Closed Debilski closed 2 weeks ago
well yes, the CI engine needs a serious revamp... should I work on it or are you already doing stuff? I'd like for the thing to at least read the same conf file as the pelita-server, so that we don't have to specify the list of players twice.

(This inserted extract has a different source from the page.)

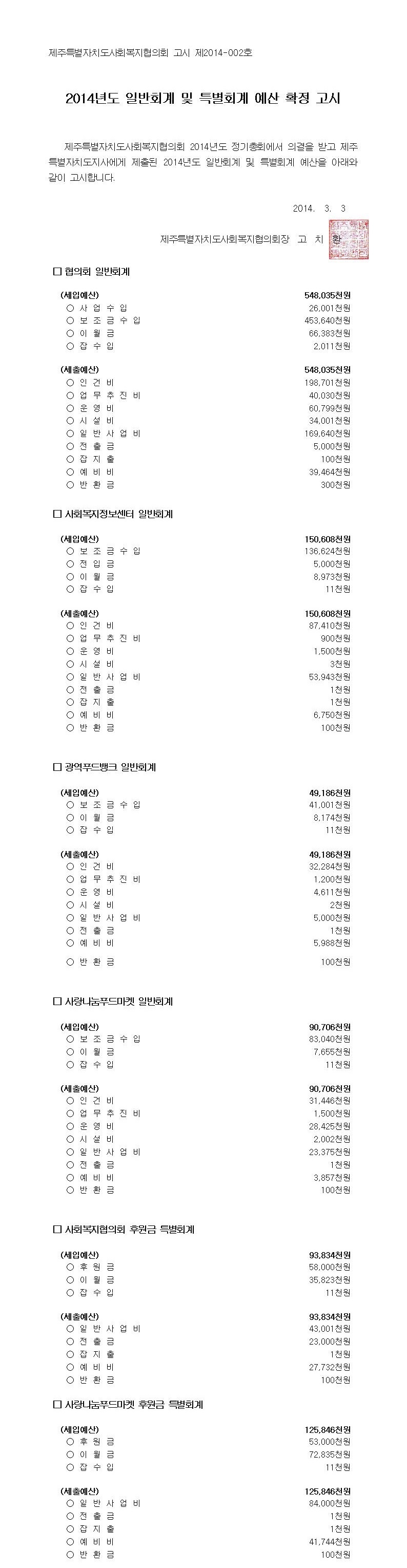 제주사회복지협의회 협의회 알림 협의회 고시·공고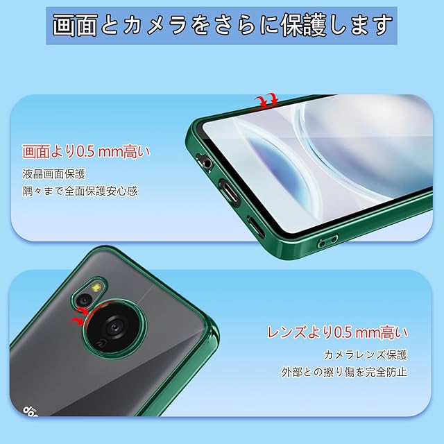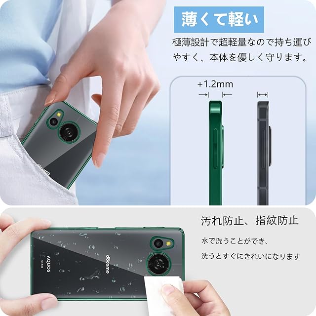 商品名:【FULEEYUHN】AQUOS Sense8 ケース クリア 軽量 薄型 黄変防止 センス8 カバー 透明 上質TPU素材 米軍MIL規格取得 SH-54D SHG11 SH-M26 対応 柔らかい手触 耐衝撃 傷防止 落下防止 携帯便利 耐久性 ストラップホール付き(ダークグリーン)

Yeah, I’ll do some minor refactorings later to make it more useful. Scores so far:
# name matches score (1/0/-1)
aspp2021_4 219 0.88
aspp2023_2 217 0.75
aspp2022_2 218 0.64
aspp2021_3 218 0.61
aspp2021_1 217 0.45
aspp2019_3 218 0.37
aspp2022_0 217 0.31
aspp2023_4 217 0.18
aspp2021_0 217 -0.02
aspp2021_2 218 -0.32
aspp2019_1 218 -0.37
aspp2022_1 217 -0.41
aspp2019_4 217 -0.47
aspp2022_4 218 -0.49
aspp2022_3 217 -0.58
aspp2019_2 217 -0.59
aspp2019_0 218 -0.94
oh, and the TU players are not performing at all? Wouldn't it be easier to interpret the results if instead of score one would show percent-win? Otherwise it is difficult to distinguish a bot who draws all the time versus a bot who either wins or loses with 50% probability. Also percent-win will then be more independent from the number of matches than score is...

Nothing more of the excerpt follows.